2025/03/11
インタビュー 分科会

Vol.1 データ活用で新たな地域の価値と経済活性を担う地域通貨分科会とは

119(2024年10月時点)の企業・金融機関・自治体などが参加するデジタル通貨フォーラムは、民間デジタル通貨を活用した社会課題の解決や新たな価値創造に向けて分科会・検討会ごとに議論や取り組みを重ねています。
このなかで地域通貨分科会は、デジタル通貨プラットフォームDCJPYを活用した地域課題の解決や地域経済の活性化に向けて積極的な活動を続けています。
現在世界的に発行が加速している地域通貨ですが、多くの方々は、特定の地域内での店頭での買い物や公共機関で使うものと思っておられるかもしれません。しかしながら、デジタル技術革新は地域通貨に新たに多くの可能性をもたらしています。地域通貨分科会が検討を進めている地域通貨も、これまでの地域通貨に比べ、機能や広がり、繋がりなどの面ではるかに大きなポテンシャルを持つものです。
それは一体どのようなものなのか、幹事であるTIS株式会社の船瀬様と山岡座長に語っていただきました。

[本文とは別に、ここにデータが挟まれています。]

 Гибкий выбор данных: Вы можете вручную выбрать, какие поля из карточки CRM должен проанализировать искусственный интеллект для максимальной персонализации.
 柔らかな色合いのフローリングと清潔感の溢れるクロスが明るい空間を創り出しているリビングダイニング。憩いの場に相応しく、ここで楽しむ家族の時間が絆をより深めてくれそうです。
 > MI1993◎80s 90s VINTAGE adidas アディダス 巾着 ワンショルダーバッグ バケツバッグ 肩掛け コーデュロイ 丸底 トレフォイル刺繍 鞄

デジタル通貨フォーラム最大の参加企業数を有する地域通貨分科会とは

山岡 浩巳座長(以下、山岡)


地域通貨分科会は、2020年のデジタル通貨フォーラムの発足当初から活動を続けてこられている、歴史のある分科会です。参加される方々も多数かつ広範に渡っております。
企業の方々はもちろん、自治体の方々のご関心も大変強く、幅広い参加をいただいております。
まず、地域通貨分科会と、この中でのTIS株式会社(以下、TIS)および船瀬様の活動について、お話しいただけないでしょうか。

デジタル通貨フォーラム 山岡 浩巳座長

船瀬 圭一氏(以下、船瀬)

ご紹介いただいたとおり、地域通貨分科会は2020年に、行政事務分科会の幹事を務める木内様とTISの共同幹事体制で活動を開始いたしました。発足当初から、非常に多くの企業・団体の方に興味をお持ちいただき、現在も地域ウォレット・決済事業者、自治体、金融機関などの幅広い業界から46の企業・団体が参加しております。 本分科会は、デジタル通貨を地域通貨に適用した場合に、地域の経済活性にどの程度寄与するかを検討することを主要な目的として活動してまいりました。 当初はデジタル地域通貨の在り方も含めて議論を重ね、その結果を2022年に中間報告 としてまとめております。

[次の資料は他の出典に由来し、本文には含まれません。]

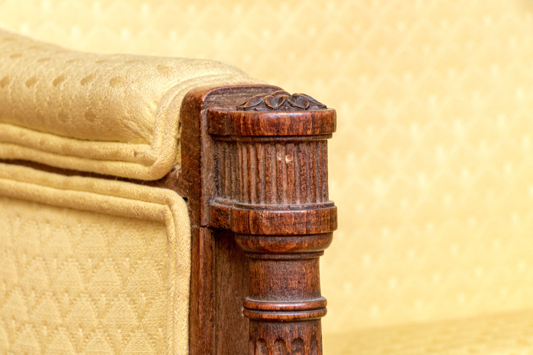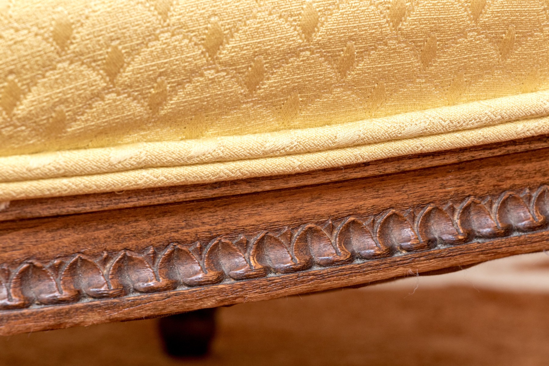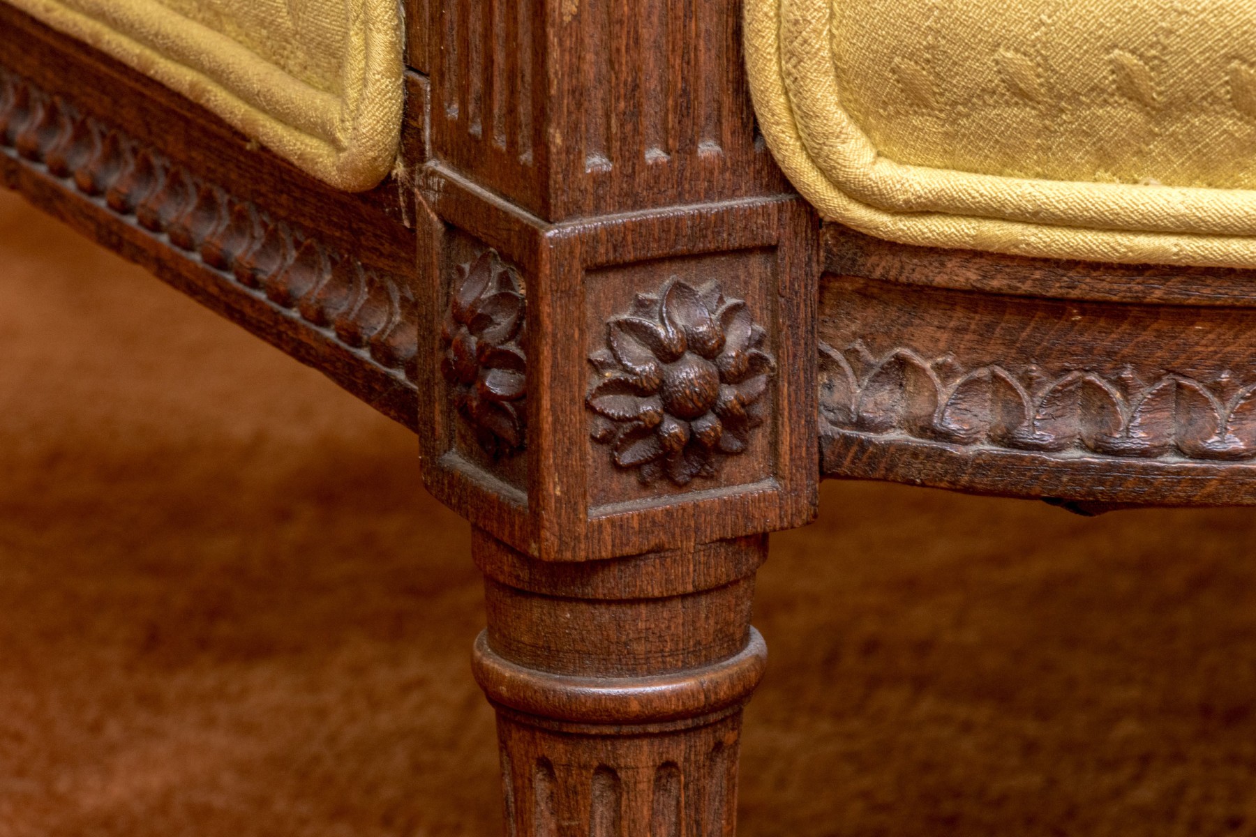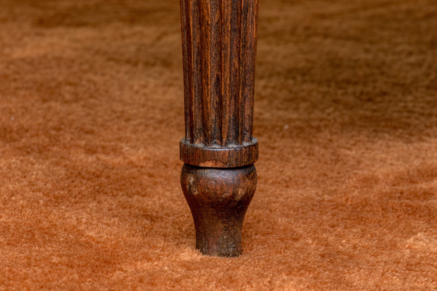 Fluted front legs with foliate carved embellishment in relief.

報告書では、デジタル地域通貨は単なるキャッシュレス手段にとどまらず、重要な3つの特性を具備すべきであることを示しています。

さらに、これらの特性を活かし「自助や共助に基づく行動変容」、「域内の法人を含めた経済循環・活性」、「広域の関係人口に基づいた域外からのマネー流入」など幅広いユースケースへの適用を目指す方針は、現在も地域通貨分科会のコンセプトとして変わっていません。

地域通貨分科会幹事 船瀬 圭一氏

山岡


地域通貨分科会では様々なユースケースを想定した概念実証や実験を行ってこられましたが、これまでの取り組みや成果について教えてください。

船瀬

2021年度


2021年度はまず、デジタル通貨DCJPY(以下、DCJPY)がどのようなものであり、実際に活用できるのかに着目をし、デジタル通貨フォーラムの参加自治体である会津若松市・気仙沼市をフィールドに、子育て世帯へのデジタル給付をテーマに実証実験を実施しました。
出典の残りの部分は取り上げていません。